Shunned by fellow scientists, von Hagens is said to have moved to Dalian, China, and set up plastination centers there and in Kyrgystan.
“Von Hagens’ exhibit is more like a show, with one body shown holding its skin over its arm like a coat. Embryos are shown in the wombs of their mothers,” he said, adding it is aspects such as these that have triggered the criticism.
“Our exhibit has total consent from donors that the bodies will be used for the advancement of the study of medicine and anatomy.
“But I agree that Japanese never ask such (ethical) questions,” Yamamichi said. “When an event is held on such an extensive scale at a (well-respected) place like Yurakucho, no one has any doubts.”
But amid the controversy during von Hagens’ Berlin exhibit in 2001, as many as five people a day offered to donate their bodies, according to media reports. In Japan, only one person — a veterinarian — said on the event’s Web site that the exhibition made her consider doing this.
Go Matsuo, 31, said he could never consider donating a body, be it his or a relative’s, for such a purpose.
“When my mother mentioned something like that, I couldn’t accept it,” he said. “Although I feel guilt, I am actually relieved to hear the bodies (here) are not Japanese.”

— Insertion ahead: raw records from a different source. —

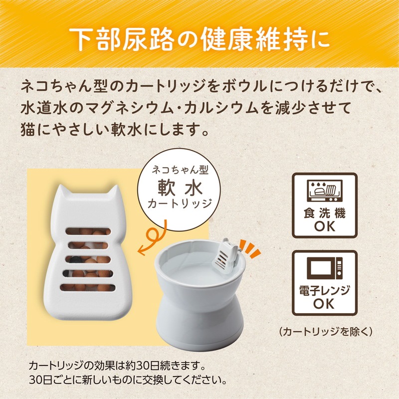 【取り付けるだけで簡単!】 ネコちゃん型のカートリッジをボウルにつけるだけで、水道水のマグネシウム・カルシウムを減少させ、やさしい軟水に! 【自然な姿勢で飲みやすい!】 自然な姿勢で飲みやすい、高さのある脚付きタイプ。 すべり止めシリコン付。 【ニャン水ウェーブ】 ペロペロすると内側のリブによって波が起こり、効率よく軟水に! 内側のリブにより、ネコちゃんがペロペロと舌で水を飲むと自然に波紋が広がります。 これが「ニャン水ウェーブ」となり、飲みやすさをサポートします。 【お手入れ簡単】 カートリッジを取り外して、ボウルは食洗機での清掃が可能です。 電子レンジもOK。 【カートリッジ交換頻度】 カートリッジの効果は約30日続きます。 30日ごとに新しいものに交換してください。
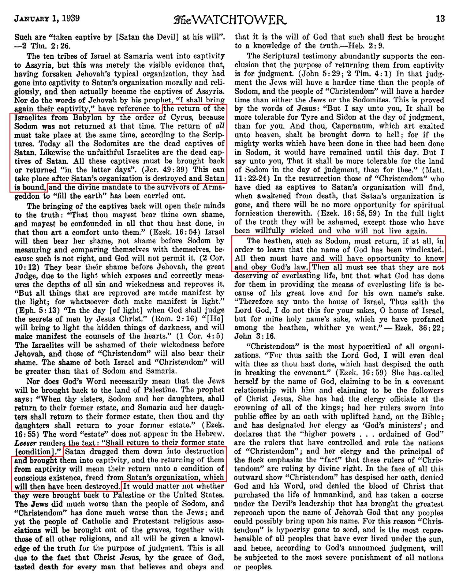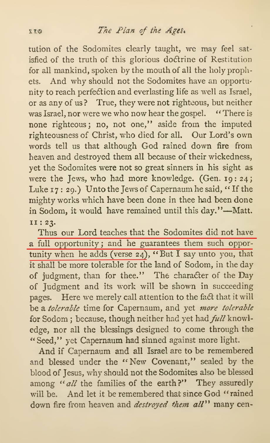 Sodom, Samaria and Jerusalem were the captives of the Devil's organization, and all went down into death as such captives. The Almighty God will destroy Satan's organization and will bring the people of those nations, with exceptions, back from that captivity [...] The return of all must take place at the same time, according to the Scriptures. Today all the Sodomites are the dead captives of Satan. Likewise the unfaithful Isrealites are the dead captives of Satan. All these captives must be brought back or returned "in the latter days". (Jer. 49:39) This can take place after Satan's organization is destroyed and Satan is bound [...] Satan dragged them down into destruction and brought them into captivity, and the returning of them from captivity will mean their return unto a condition of conscious existence, freed from Satan's organization, which will then have been destroyed [...] The heathen, such as Sodom, must return, if at all, in order to learn that the name of God has been vindicated. All then must have and will have opportunity to know and obey God's law.
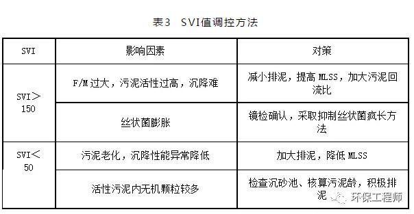 SVI主要反映污泥的松散程度,當(dāng)MLSS很高時(shí),僅用SV判斷污泥沉降性是不準(zhǔn)確的,必須結(jié)合SVI。對SVI的調(diào)控主要通過對MLSS的調(diào)整。
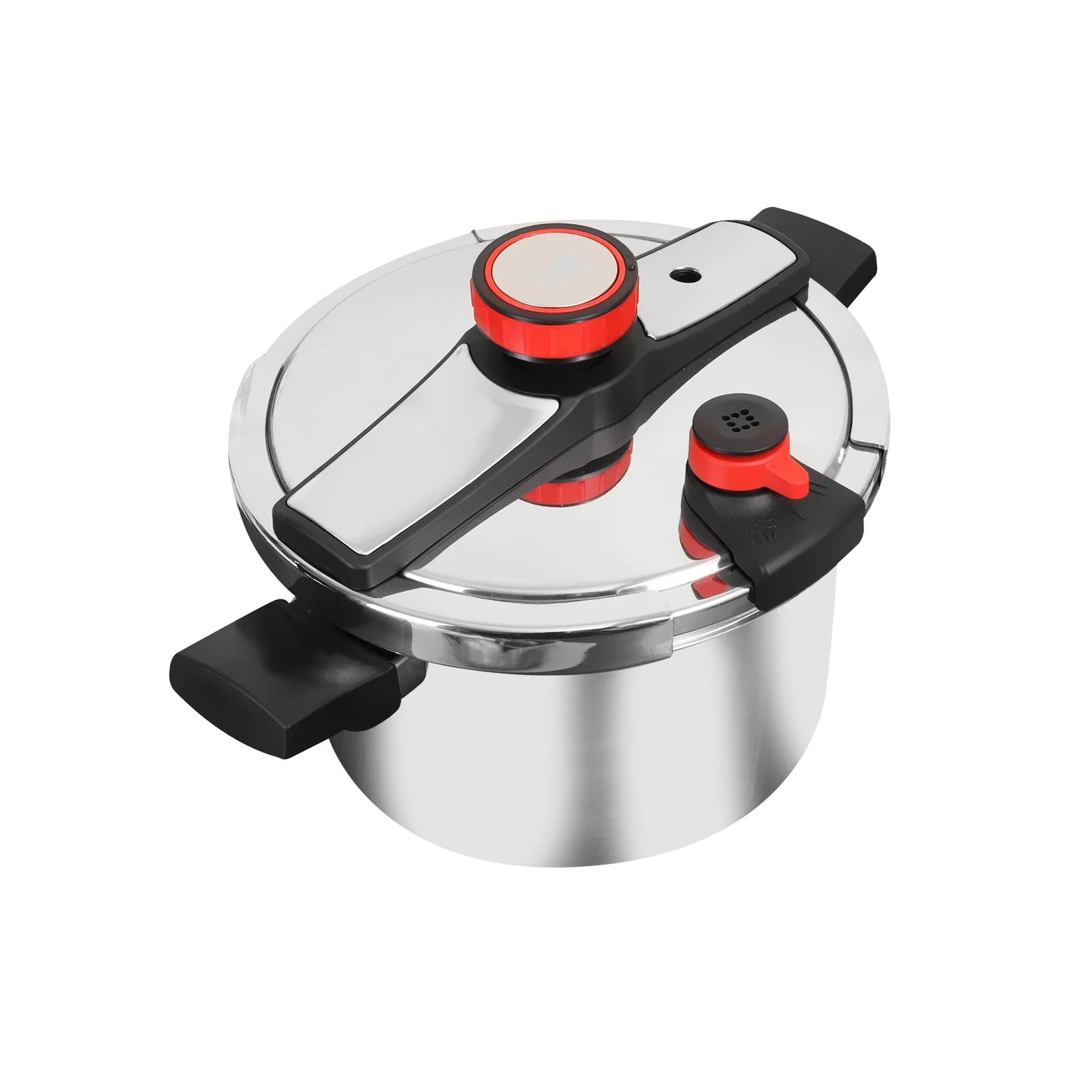 【Protection Device】: Compared to conventional cooking, this pressure cooker design with has 4 secure locking machanism knob depressurize knobs, locking knob, Anti heat handle and Sealing cap that ensures risk free.
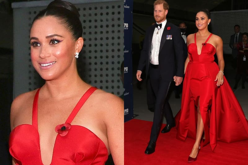 Markle llevó un llamativo vestido rojo de Wes Gordon para Herrera, diseño que también usó en 2021, en una de las primeras apariciones públicas que hizo tras dar la bienvenida a su hija, la princesa Lilibet.
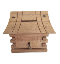 Vintage Hand Made Folk Art Rustic Log Cabin Bank / Trinket Box w/ Lock & Key Toy
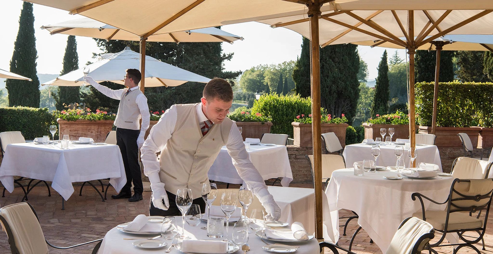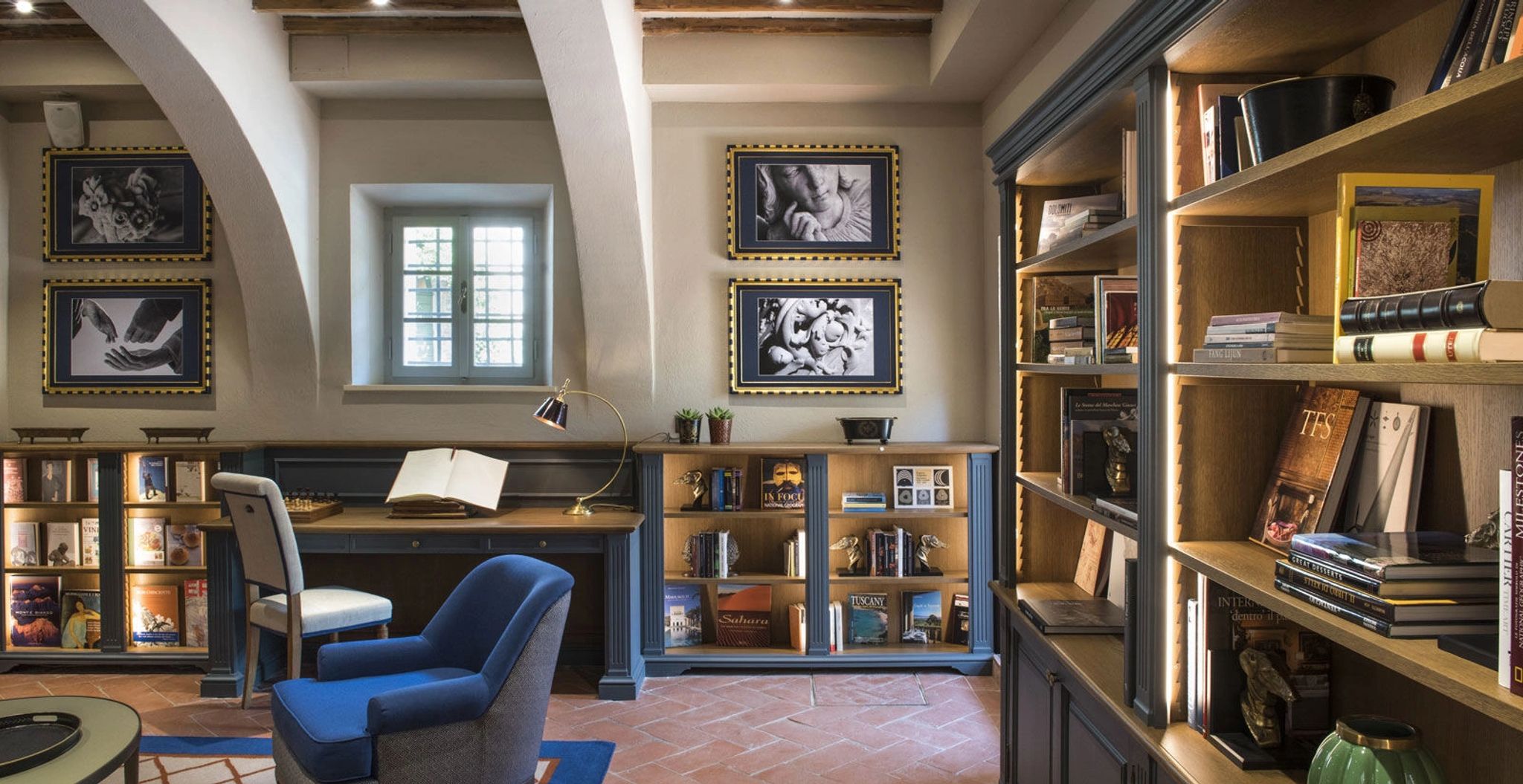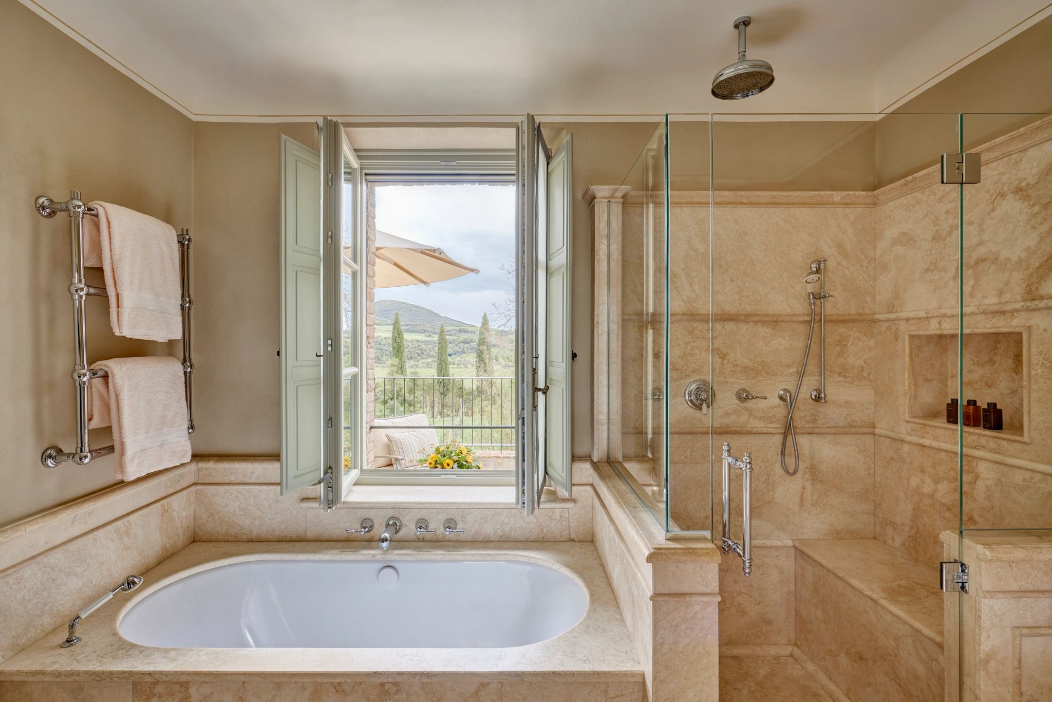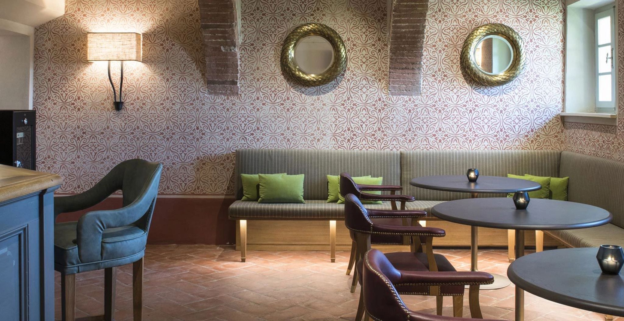 O terraço da Signature Suite La Loggia, com sua arquitetura clássica de pedras e arcos, é um convite ao encantamento. É o cenário perfeito para uma refeição acompanhada pela brisa suave do campo, com vistas deslumbrantes das colinas e vinhedos. A suíte se ilumina com a luz natural que entra através das grandes janelas, e cada detalhe da decoração revela a preciosa tradição italiana.
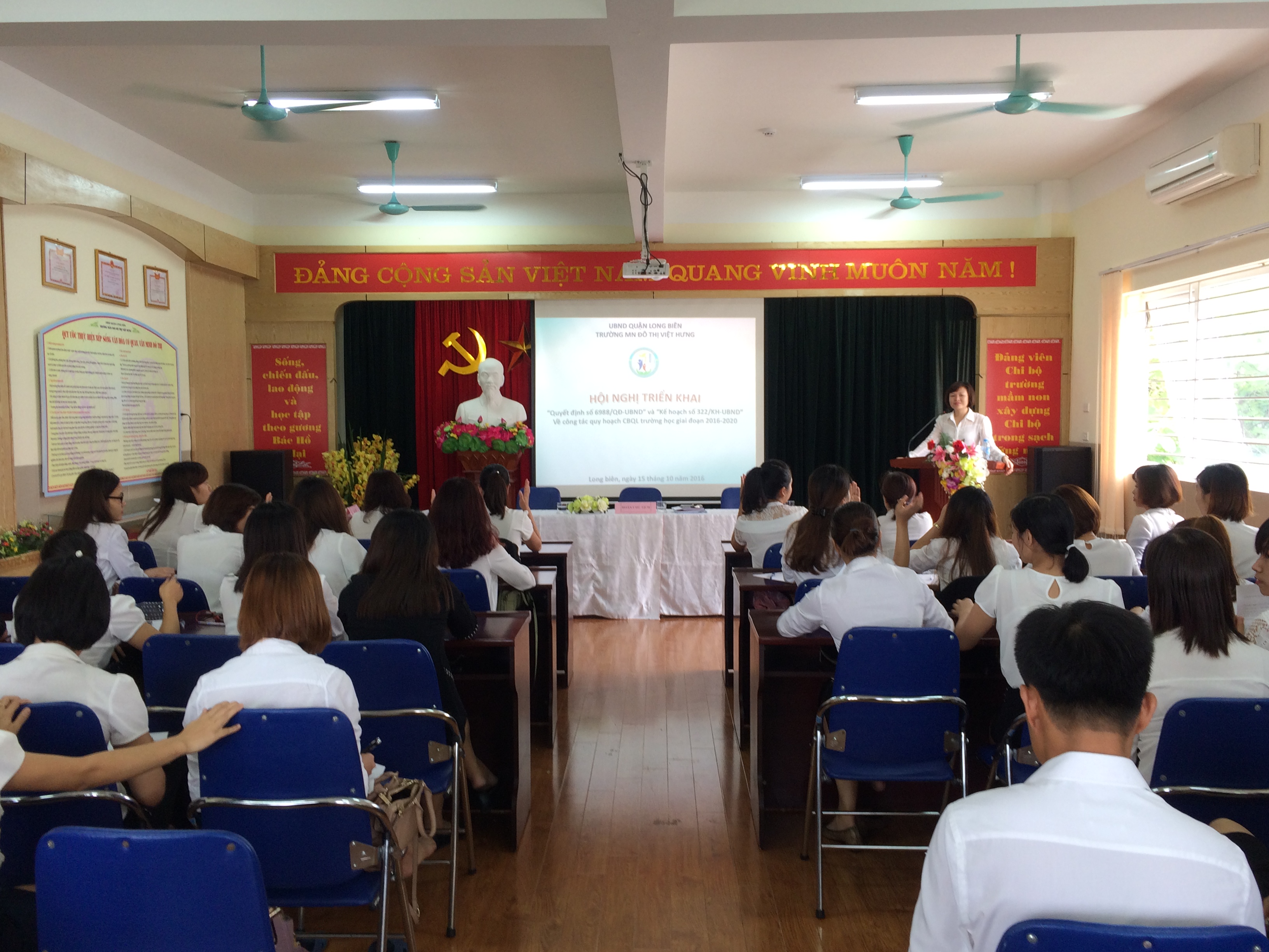 Sáng ngày 15/10/1016, dưới sự chủ trì của Đ/c Trần Thị Hoàng Lâm trường mầm non Đô Thị Việt Hưng đã tổ chức Hội nghị nhằm triển khai kế hoạch 322/KH-UBND và quyết định 6988/QĐ-UBND về việc quy hoạch cán bộ quản lý các trường mầm non công lập trực thuộc quận Long Biên giai đoạn 2016 – 2020. Tại hội nghị, đồng chí Trần Thị Hoàng Lâm đã phân tích rõ những quy định chung đối với việc quy hoạch; tiêu chuẩn, điều kiện đưa vào quy hoạch; quy trình xây dựng, quản lý và thực hiện quy hoạch để các cán bộ giáo viên, nhân viên trong trường nắm rõ quy trình và hiểu sâu hơn về vấn đề này.

Kiroku Echizen, a professor of religion at Tokyo’s Sophia University, said he believes Japanese feel attachment to their bodies because of the religious and cultural background that shapes their concept of life after death.
He maintained that while many Westerners may have no qualms about donating their bodies, as they see them as mere containers of the soul, Japanese view the afterlife as “an ideal version of current life” and feel that their bodies accompany them into the world beyond death.
“We know it’s a good thing (to donate one’s body for medicine), but culture works unconsciously,” he said. “Without knowing why, many Japanese find it difficult to accept that the body of another Japanese, sharing the same culture, may be among those displayed in the exhibit.”